BRIEF DESCRIPTION OF THE DRAWINGS
[0012] The present invention can be best understood with reference
to the following detailed description and drawings, in which:
[0013] FIG. 1 is an axial cross section of two embodiments of
conventional rubber bushings with solid rubber inserts;
[0014] FIG. 2 is the top view of bushings in FIG. 1;
[0015] FIG. 3 is an axial cross section of one embodiment of the
proposed invention wherein rubber inserts accommodating radial
loads are rubber cylinders deforming in radial compression in the
direction of the applied load;
[0016] FIG. 4 is a radial cross section of bushing in FIG. 3
wherein the rubber cylinders are assembled into the bushing without
preload;
[0017] FIG. 5 is a load deflection characteristic of a radially
compressed rubber cylinder;
[0018] FIG. 6 is a radial cross section of bushing in FIG. 3
wherein the rubber cylinders are assembled into the bushing with
radial preload;
[0019] FIG. 7 is an axial cross section of another embodiment of
the proposed invention wherein rubber elements accommodating radial
loads are rubber spheres accommodating the radial loads applied to
the bushing by radial compression in the direction of the applied
load, and accommodating axial loads applied to the bushing by
radial compression of a set of two rubber cylinders with preloading
means for the latter;
[0020] FIG. 8 is a radial cross section of bushing in FIG. 7
wherein the rubber spheres are assembled into the bushing without
preload;
[0021] FIG. 9 is a side view of bushing in FIGS. 7, 8;
[0022] FIG. 10 is the radial cross section of bushing in FIG. 11
which represents yet another embodiment of the proposed invention
wherein the rubber inserts can be selectively preloaded in
desirable radial directions while the bushing is mounted in the
mechanical device;
[0023] FIG. 11 is an axial cross section of the bushing in FIG. 10
showing axial preload means and uninterrupted radial preloading
shoes;
[0024] FIG. 12 is an axial cross section of another modification of
the bushing in FIG. 10 showing axial preload means and segmented
radial preloading shoes.
DETAILED DESCRIPTION OF THE PREFERRED EMBODIMENTS
[0025] FIGS. 1 and 2 depict two modifications of typical
conventional bushings for automotive linkages (Prior Art). The left
halves of FIGS. 1 and 2 show a bushing in which the rubber insert
is loaded in compression in both radial (x and y) and axial (z)

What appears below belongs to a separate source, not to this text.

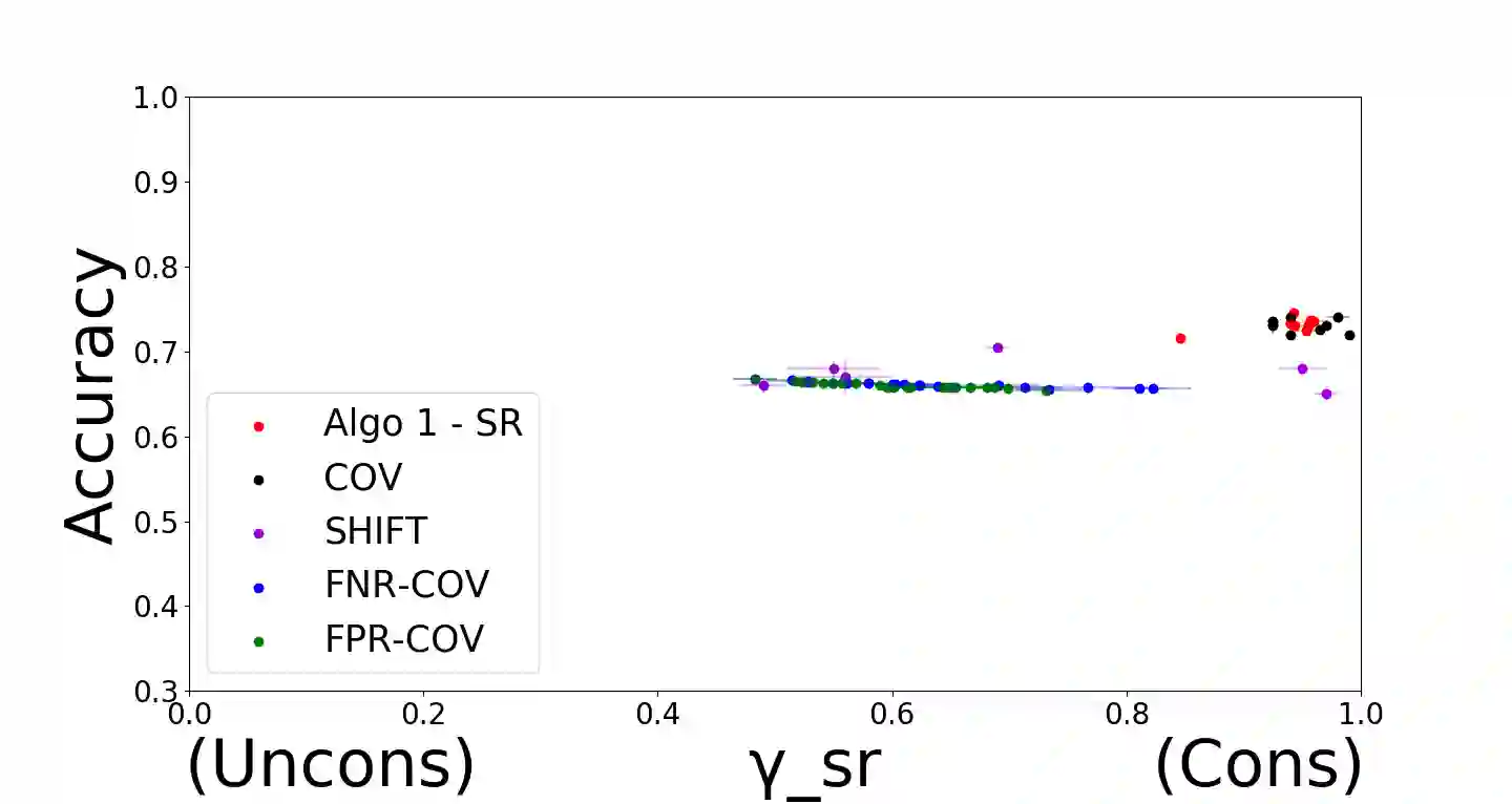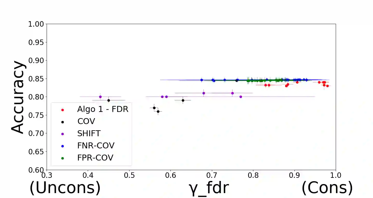 翻译:由于在各种社会背景下越来越多地采用分类算法,因此,制定对数据敏感属性公平的分类算法已成为一个重要问题。最近的一些工作侧重于在特定指标方面的公平性,将相应的公平分类问题作为有限的优化问题模型,并开发了专门的算法来解决这些问题。尽管如此,仍然有一些重要的衡量法,我们没有公平的分类方法,许多上述算法也没有理论保障;或许因为由此产生的优化问题是非隐蔽的。本文的主要贡献是一个新的分类元值,它作为大量公平限制的投入,涉及多种非互不相容的敏感属性,并带有可辨的保证。这要通过首先为大量具有同系制约的分类问题大家庭的分类问题开发一个元值来实现,然后表明与一般类型的公平制约有关的分类问题可以减少到这个家庭。我们提出的实证结果表明,我们的算法在各种公平度衡量法方面可以实现近乎于完美的公平性,在多个非互不相容的敏感属性方面,并带有可辨证的保证。这要通过先验的准确性分析法的准确性,这往往会显示,因为先前的准确性的工作要求是公平性,而有可能使公平性分析方法的精确性限制。

directions, while the right halves of FIGS. 1 and 2 show a bushing
whose stiffness in z direction is due to shear of the rubber
insert. Outer 101 and inner 102 sleeves made from metal or other
hard material are attached to the appropriate connected links (not
shown); rubber sleeve (insert) 103 is either molded within the
space between sleeves 101 and 102 and bonded to them or is
fabricated separately and inserted into space between 101 and 102
and assembled by interference fit, e.g. by swaging outer sleeve
101. The left side modification is also characterized by collars
104 and 105 on outer 101, inner 102 sleeves, respectfully, and by
radial extension 106 of rubber insert 103. This prior art bushing
has certain stiffness constants in two principal radial directions,
stiffness constant in the axial direction, and two principal
"cardan" stiffness constants (angular stiffness in the planes
containing axis of the bushing). Two principal radial (x and y) and
two principal cardan (in planes x-z and y-z) stiffness constants
are identical between themselves for the bushing in FIGS. 1 and 2,
although there exist designs having anisotropy between x-z and y-z
planes (e.g., by designing cavities/voids in the rubber element at
the respective orientations). For any modification, all stiffness
constants are characteristic for a given coupling and cannot be
changed without replacing the whole bushing assembly. It is obvious
that this bushing can be used not only for connecting links but
also for interfacing any mechanical components, e.g. can serve as a
vibration isolator.
[0026] FIG. 3 shows an axial cross section of one embodiment of the
proposed nonlinear bushing. Outer sleeve 301 and inner sleeve 302
are separated by rubber inserts 303 comprising a plurality of
rubber cylinders 304 and 305 whose cross sections are seen in FIG.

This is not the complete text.